# 1.1 - Introduction to Seaborn

#### > Pandas

In [None]:
import pandas as pd
df = pd.read_csv("wines.csv")
df['alcohol'].plot.hist()

#### > Matplotlib

In [None]:
import matplotlib.pyplot as plt
import pandas as pd
df = pd.read_csv("wines.csv")
fig, ax = plt.subplots()
ax.hist(df['alcohol'])

#### > Seaborn

In [None]:
import seaborn as sns
sns.distplot(df['alcohol'])

#### > Histogram vs. Distplot

In [None]:
df['alcohol'].plot.hist()
#Actual frequency of observations
#No automatic labels
#Wide bins

sns.distplot(df['alcohol'])
#Automatic label on x axis
#Muted color palette
#KDE plot
#Narrow bins

# 1.2 - Using the distribution plot

In [None]:
sns.distplot(df['alcohol'], kde=False, bins=10)
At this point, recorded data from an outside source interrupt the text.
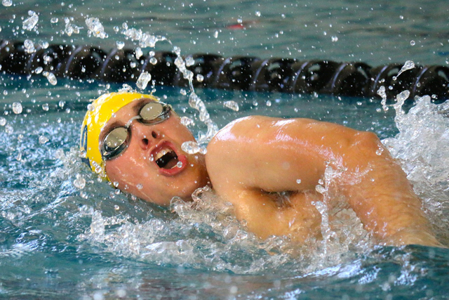 Junior Mandy Gebhart was also at her best, coming back as one of the Lady Eagles’ key returners this season. A state contributor last season for Boulder City, Gebhart seems well on her way to leading the pack once again following victories in the 200-yard individual medley and the 100-yard backstroke.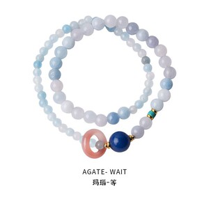 42 # ブレスレット - ライトサファイアとホワイトメノウ - 絶妙なギフトボックス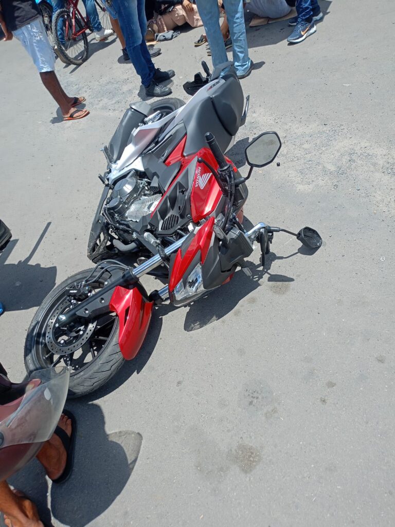 O casal, que estava na motocicleta, sofreu ferimentos e aguardava atendimento do Serviço de Atendimento Móvel de Urgência (Samu) para serem encaminhados ao hospital.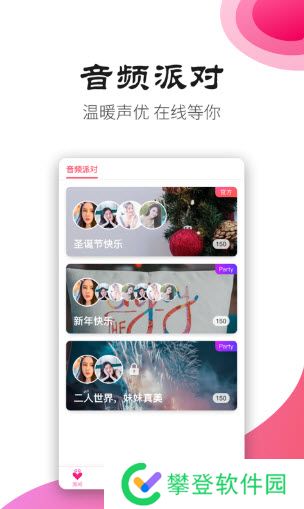 高品质的约会平台,有趣的灵魂。语音极客、游戏神、可爱女孩等,在这里,你可以通过配对找到你最喜欢的伴侣。你可以整天和主播互动。通过您选择的标签和爱好,有大量的兴趣主题室。用户可以自由加入多人聊天团队。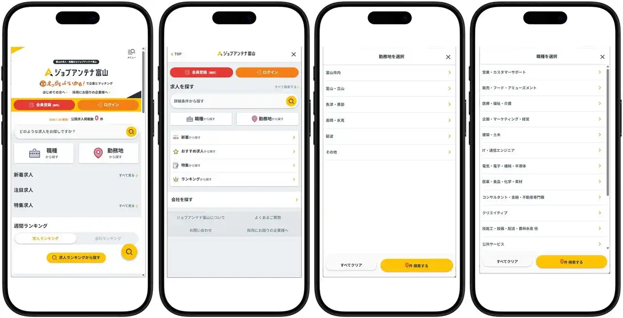 ■「ジョブアンテナ富山」の画面イメージ ※画像は開発中のものです |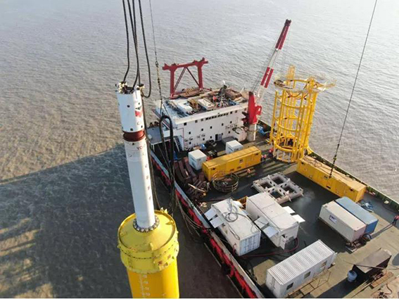 2020年1月20日,YC2500液压锤击打钢桩的声音第一次在江苏射阳海域响起。每一锤都铿锵有力,掷地有声。历经2020年春节新冠疫情影响,4月份项目复产后,在现场项目人员的精心组织下,仅在18天的有效窗口期内,高效完成了6根高难度沉桩任务,其中最快的一根桩在2小时内连续锤击2000次,顺利完成沉桩任务,其效率高、性能稳,丝毫不逊色国外进口设备。
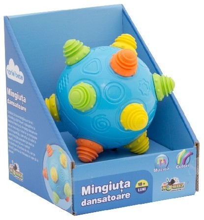 Тогда ждите сюрпризов!...Потому что у мяча есть моторчик внутри и мягкие пупырышки на поверхности, которые заставляют его прыгать во всех направлениях, танцуя под радостную музыку, которую сам издает!

#### > Alternative data distributions

In [None]:
sns.distplot(df['alcohol'], hist=False, rug=True)

#### > Further Customizations

In [None]:
sns.distplot(df['alcohol'], hist=False, rug=True, kde_kws={'shade':True})

# 1.3 - Regression Plots in Seaborn

In [None]:
sns.regplot(x="alcohol", y="pH", data=df)
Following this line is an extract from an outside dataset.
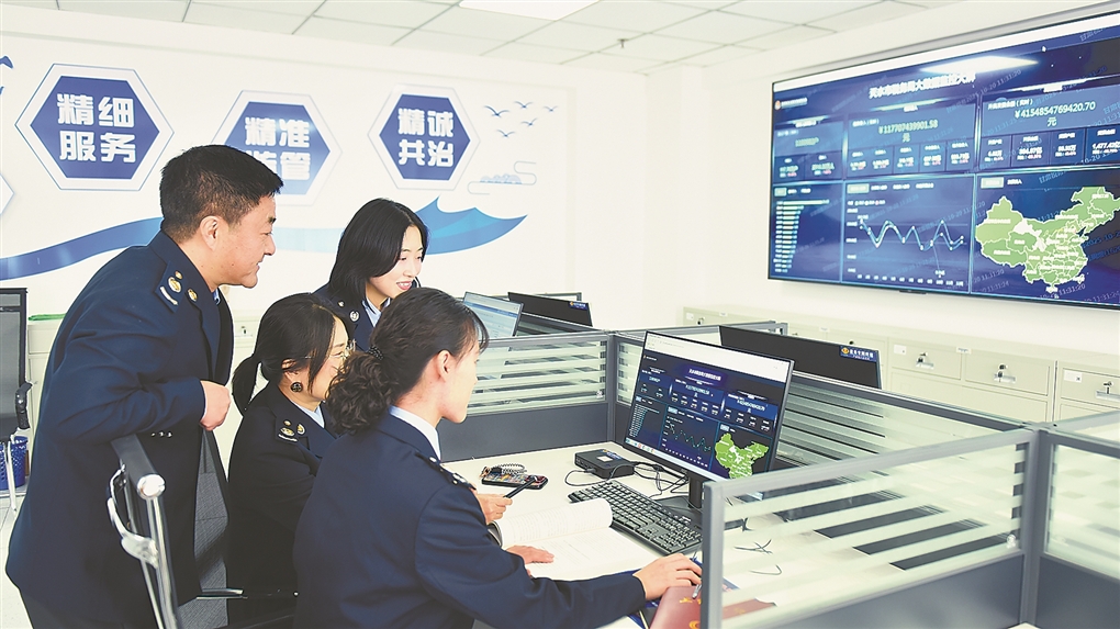 图为国家税务总局天水市税务局干部运用残保金风险指标模型,比对残保金申报信息与企业所得税数据。

#### > lmplot() builds on top ofthe base regplot()

In [None]:
#regplot - low level
sns.regplot(x="alcohol",y="quality",data=df)

In [None]:
#lmplot - high level
sns.lmplot(x="alcohol",y="quality",data=df)

#### > lmplot faceting

In [None]:
#Organize data by colors (hue )
sns.lmplot(x="quality", y="alcohol", data=df, hue="type")

#Organize data by columns (col )
sns.lmplot(x="quality", y="alcohol", data=df, col="type")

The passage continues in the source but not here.